- Native name: 北条 氏邦
- Born: 1541 Sagami Province, Japan
- Died: September 19, 1597 (aged 55–56) Sagami Province, Japan
- Allegiance: Later Hōjō clan
- Commands: Hachigata Castle
- Conflicts: Siege of Hachigata (1568); Battle of Mimasetoge (1569); Battle of Kanagawa (1582); Siege of Hachigata (1590); Siege of Odawara (1590);
- Relations: Hōjō Ujiyasu (father) Hōjō Ujimasa (brother) Hōjō Ujiteru (brother) Hōjō Ujinori (brother) Uesugi Kagetora (brother)

= Hōjō Ujikuni =

Hōjō Ujikuni (北条 氏邦) was a samurai of the Sengoku period, and the third son of Hōjō Ujiyasu.
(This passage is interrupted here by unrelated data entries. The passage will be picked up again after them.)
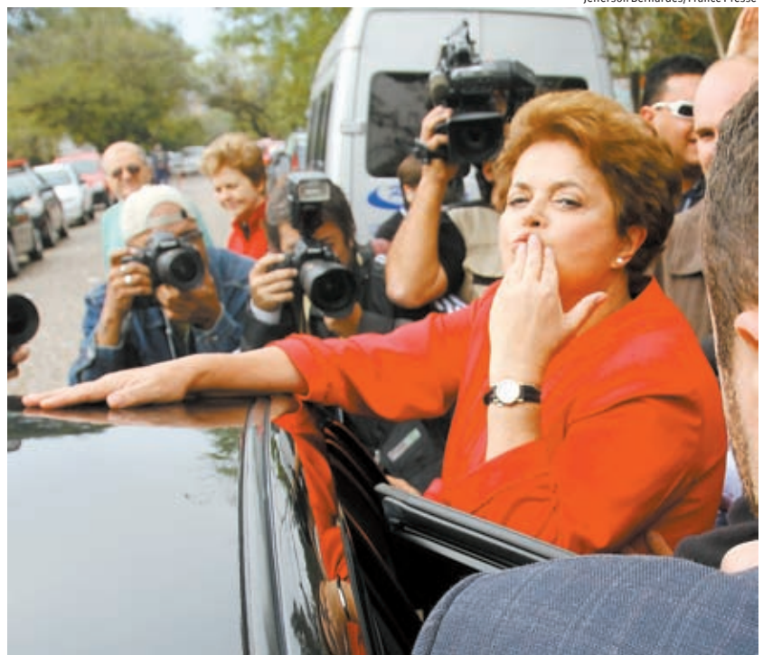
Dilma Rousseff, do PT, manda beijos para simpatizantes depois de votar em Porto Alegre
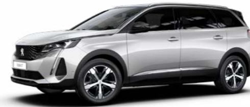
パール・ホワイト
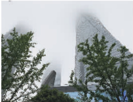
云雾缭绕的“上海中心”。(4月27日摄)

地下1层的“上海中心”展示厅也将参与首批对外开业。这里将为大家展现的“成长的天际线”、世界摩天大楼历史、“上海中心”基因库等精彩纷呈的展品展项,衍生品店也将让公众体验极具想象力、富有上海中心及上海独特文化元素的创意衍生品。
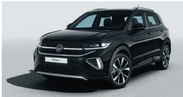
Deep Black Perleffekt-Lackierung
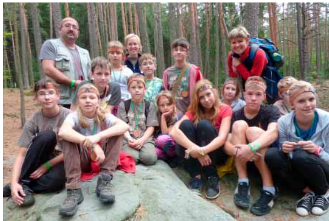
Sokoláci v Budislavi coby Aztékové a Inkové

Již počtvrté jsme pořádali pro naše cvičence akční výlet v Budislavi u Litomyšle. v táboře PS M. Sedláčkové. Tentokrát jsme bojovali o pyramidu Boha slunce.
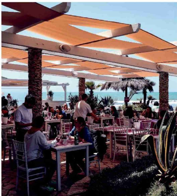
Ristoranti affollati sul lungomare di Ostia

50 invitati, responsabile del rispetto delle norme anti-virus alla ripresa oramai imminente di eventi e cerimonie. —
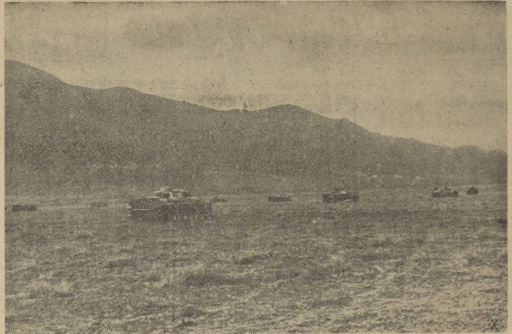
Tanques alemanes en las planicies de Túnez.

Madrid, 8. — El Boletín Oficial del Estado publicará mañana un decreto del Ministerio del Ejército, por el que se nombra general jefe de las fuerzas de tierra, mar y aire, en Canarias, al capitán general de dicho archipiélago don Francisco García Escamez e Hiniesta. — CIFRA.
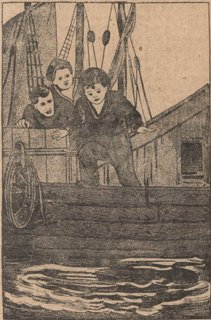
Fleming a kajó korlatjáig hurcolta Jakabot és hiába ellenkezett, belökte a Themis hullámai közé.
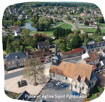
Place et église Saint Pantaléon

Tout en étant tournée vers l'avenir, Cours-les-Barres a su garder le charme d'une commune rurale en ayant les avantages de la proximité de villes moyennes.
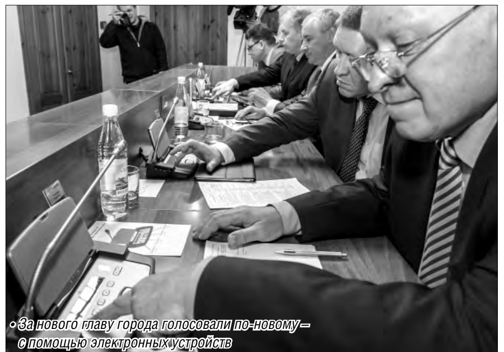
«За нового главу города голосовали по-новому» с помощью электронных устройств

Среди других вопросов, рассмотренных на октябрьском заседании, были и те, решения которых с волнением ждали требующие социальной поддержки группы граждан – пенсионеры, а также учащиеся и студенты. Несмотря на сложную экономическую ситуацию и дефицит бюджета, депутаты пошли на то, чтобы пенсионерам – муниципальным и региональным льготникам сохранить и в 2017 году льготу в виде бесплатного проезда в общественном транспорте в количестве тридцати поездок ежемесячно на основании пластиковой социальной карты. Каждый следующий разовый проезд они будут оплачивать в половинном размере от установленного тарифа. Пересадка в течение часа останется бесплатной. Сохранится на прежнем уровне и цена проездных билетов.
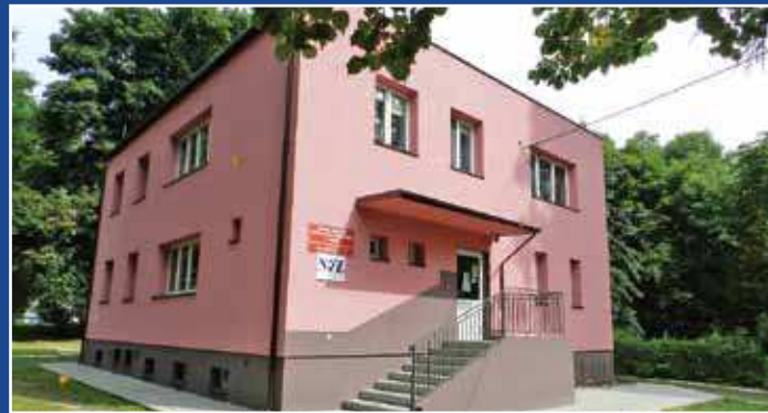
Budynek GPZO we Wrzeszczewicach po termomodernizacji

W ramach zadania w budynku świetlicy wiejskiej we Wrzeszczewicach wykonano przebudowę wewnętrznej instalacji wodociągowej i kanalizacji sanitarnej oraz budowę zewnętrznej instalacji kanalizacji sanitarnej i zbiornika
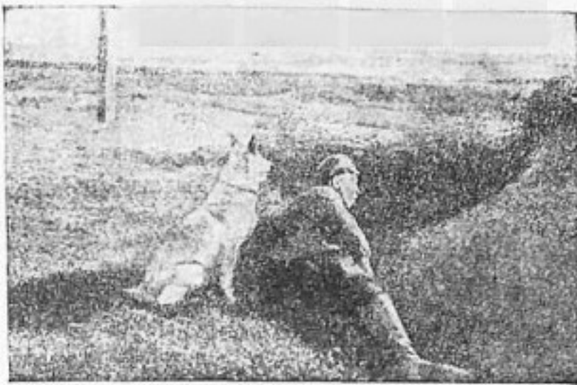
Пограничник в доворе

выполняя волю своих хозяев, стремятся обратиться к нам для вредительской работы и убийств. Они идут не только одиночками, но и целыми группами, хорошо вооруженные. При поимке их пограничной охраной они, зная, что их ожидает, обычно оказывают отчаянное сопротивление. Борьба с ними отнимает у наших пограничников не мало жертв.
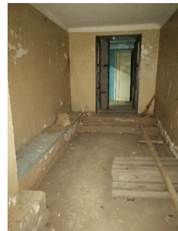
Лот № 6
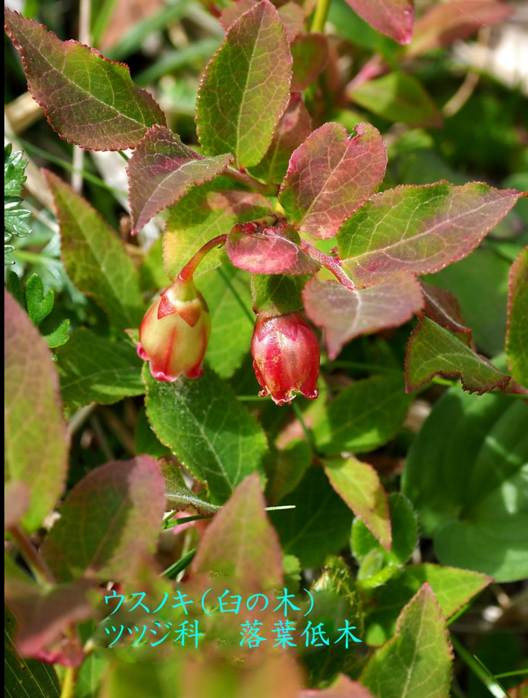
ウスノキ(白の木) ツツジ科 落葉低木
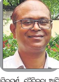
ସତ୍ୟ ଖବର ପରିବେଷଣର ସ୍ୱାଧୀନତା ମିଳିବା ଦରକାର ବ ଢ ମ । ନ ସ ମ ଯ ରେ ସ୍ୱାଧୀନତା । ଶବ୍ଦ ପରିଚାଷା ବଳି ଯାଇଛି । ସାମ୍ବାଦିକଙ୍କଠାରୁ ଆରମ୍ଭ କରି ଯେ ଢ ମ । ନେ ଖବର ଏତି କରୁଛନ୍ତି, ଯେଉଁମାନେ ଏହାକୁ ପରିବେଷଣ କରୁଛନ୍ତି ସମସ୍ତେ 'ପ୍ରେସ୍' ମଧ୍ୟରେ ଯାଉଛନ୍ତି । ତେବେ ମାଲିକମାନଙ୍କୁ ପ୍ରେସ୍ ମଧ୍ୟରେ ଅନ୍ତର୍ଭୁକ୍ତ କରାଯାଉ ନ ଥିବାବେଳେ, ବାସ୍ତବରେ ସମସ୍ତ ସ୍ୱାଧୀନତା ଚାକ ପାଖରେ ରହୁଛି । କିଛି କ୍ଷେତ୍ରରେ ଆମେ ମତାମତକୁ ବଦଳାଇ ପାରିବା ପ୍ରତ୍ୟେକ କେବେବି ବଦଳାଇ ପାରିବେ
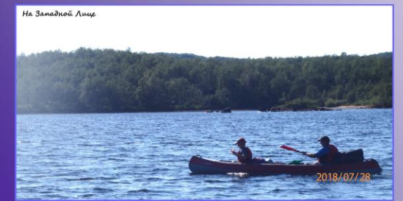
На Западной Лице
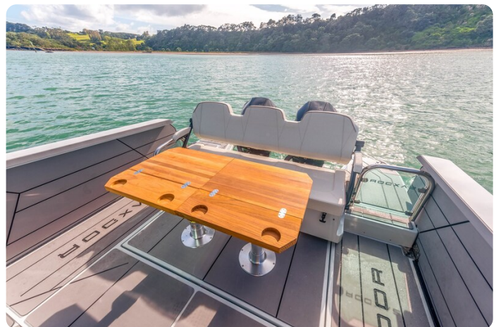
Saxdor 320 GTC cockpit dinette
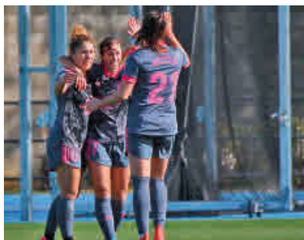
El Madrid CFF está firmando una gran temporada

y aspira a clasificarse para la Liga de Campeones, un objetivo al que se acercan tanto el Atlético de Madrid como el Madrid CFF. Este último protagonizará un derbi con el Rayo Vallecano, mientras que las rojiblancas actuarán como locales ante la Sociedad Deportiva Eibar.
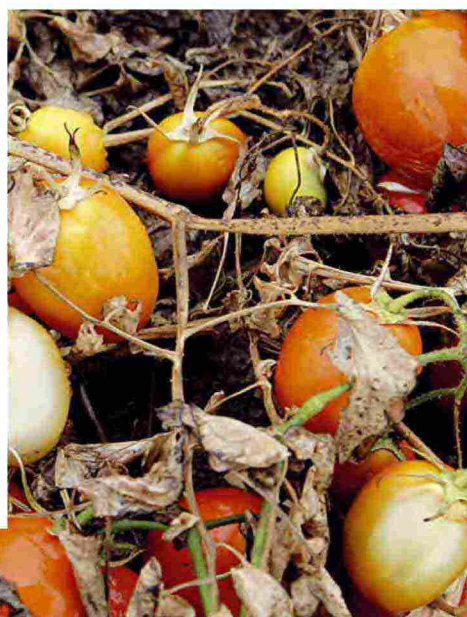
Danni da ragnetto su pomodoro in areale ad alto rischio

Intensità degli attacchi: verde = generalmente non richiedono interventi acaricidi. Quando il problema si presenta viene risolto egregiamente; giallo = in alcune annate il problema può essere di difficile contenimento; rosso = il problema si presenta praticamente tutti gli anni. Tali aree presentano le maggiori difficoltà di contenimento spesso con compromissione delle rese colturali.
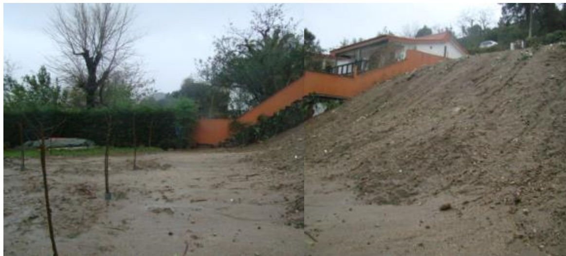
despois da demolición
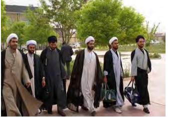
بیش از هزار مبلغ در دهه محرم به نقاط مختلف خراسان جنوبی اعزام شدند. معاون فرهنگی تبلیغات استان گفت: ۴۰۰ مبلغ از استان‌های قم و مشهد و ۸۰۰ مبلغ بومی، ائمه جماعات، روحانیون مستقر، هجرت و امین در شهرستان‌های مختلف استان حضور دارند.

حجت الاسلام قناعت افزود: با برنامه‌ریزی‌های انجام شده هیچ روستا و مسجدی در استان بدون روحانی نیست. وی گفت: جهاد تبیین، امیدآفرینی، توجه به کانون خانواده، انسجام و وحدت و پاسخگویی به
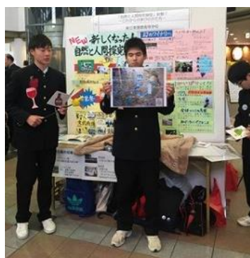
ポスターセッションの様子
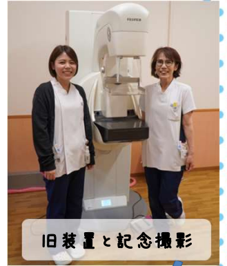
旧装置と記念撮影
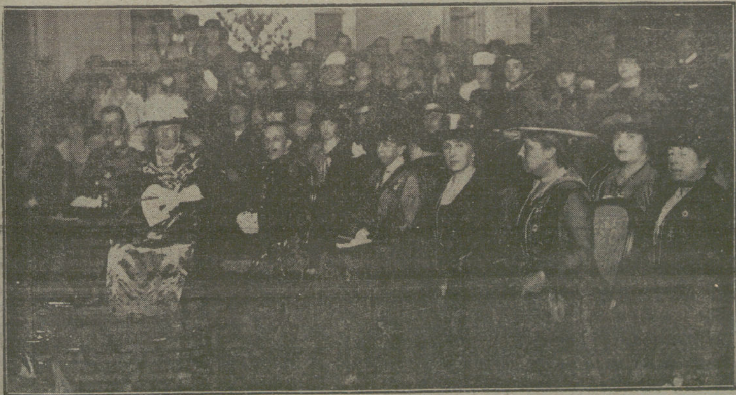
La Familia Real presenciando el festival celebrado ayer tarde en el Ritz a beneficio de la Cruz Roja Española.
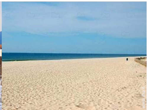
luogo per bagnarsi
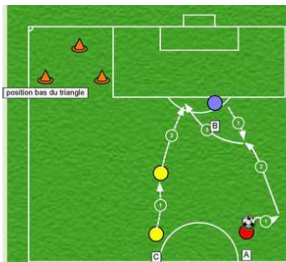
Figure 1 position en bas du triangle L'insertion de C se fait en 2 temps
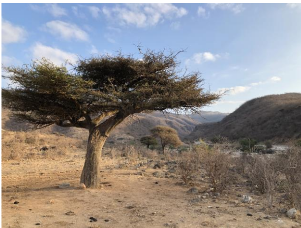
The place to be (Bram Ubels)

Het is lastig te accepteren dat vandaag alweer de laatste dag is van deze schitterende vogelreis. Omdat we in de middag van Salalah naar Muscat vliegen hebben we besloten vroeg op te staan om de ochtend die we nog in het veld hebben zo optimaal mogelijk te kunnen benutten. Omdat we de Arabische goudvleugelvink eerder gemist hadden en dat toch wel een belangrijke soort is voor deze trip gaan we daar nog een poging voor wagen op een andere locatie in het Dofar gebergte. In deze mooie bergvallei is het vogelrijk en krijgen we Afrikaanse Paradijsmonarch goed te zien. We staan in de buurt van een lekkend bewateringssysteem en de vogels in deze vallei weten ook van dit lek. Dit is de plek waar de goudvleugelvinken regelmatig komen drinken en na een tijdje wachten komen er drie aangevlogen. Yes! We krijgen mooie views en met een bevredigend gevoel verlaten we het gebergte. We dalen af naar de kust daar waar zoet water de zee in komt. Dit is een leuke vogelrijke plek om de reis af te sluiten. We genieten van groepen Reuzensterren, Terekruiers, Citroenkwikstaarten en dan opeens komt er als laatste verrassing een African openbill aangevlogen. Een vogel die hier al langere tijd in de regio rond hangt. Een waardige afsluiter van een héle vogelrijke trip. Wie in de winter écht goed wilt vogelen in de Western Parlearctic moet zeker eens naar dit prachtige land.
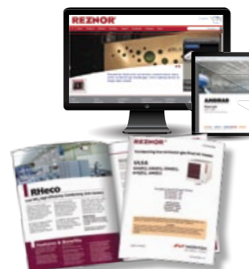
Exemples de la documentation devant être fournie

Toutefois, les documents relatifs au produit ainsi que les sites Web du fabricant, doivent mentionner l'efficacité énergétique saisonnière et les émissions de NO x de chaque produit ou système.
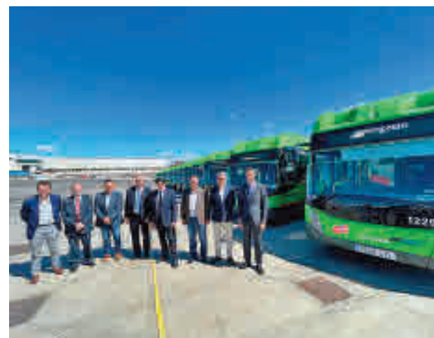
Presentación de la nueva flota de autobuses

Los nuevos autocares permiten reducir las emisiones de CO2 respecto a los que utilizan combustible diésel un 20%, y las partículas y óxidos de nitrógeno un 85%, además de reducir el ruido un 50%. Disponen de un depósito de 2.050 litros de gas natural comprimido, y un equipamiento en el que se ha com-

Ujikuni was a high-ranking commander in the invasion of Kozuke Province, Kōzuke was contested between the later Hōjō clan, the Takeda and the Uesugi clans.

He was also the castellan (castle lord) in command of Hachigata Castle in Musashi province, which came under siege twice in 1568 by Takeda Shingen and 1590 by Toyotomi Hideyoshi.

In 1569, along with Hojo Ujiteru, failed to stop Takeda Shingen's retreat in the Battle of Mimasetoge.

Following the sudden death of Oda Nobunaga in 1582, He and Hojo Ujinao took the advantage of the situation to launch a certain attack at Kanagawa.

When Siege of Odawara began, he was defending Hachigata Castle but surrounded by Toyotomi's large army、then he decided to surrender. Later he became a vassal of Maeda Toshiie.

==Bibliography==
- Turnbull, Stephen (1998). The Samurai Sourcebook. London: Cassell & Co.
- Turnbull, Stephen (2002). War in Japan: 1467-1615. Oxford: Osprey Publishing.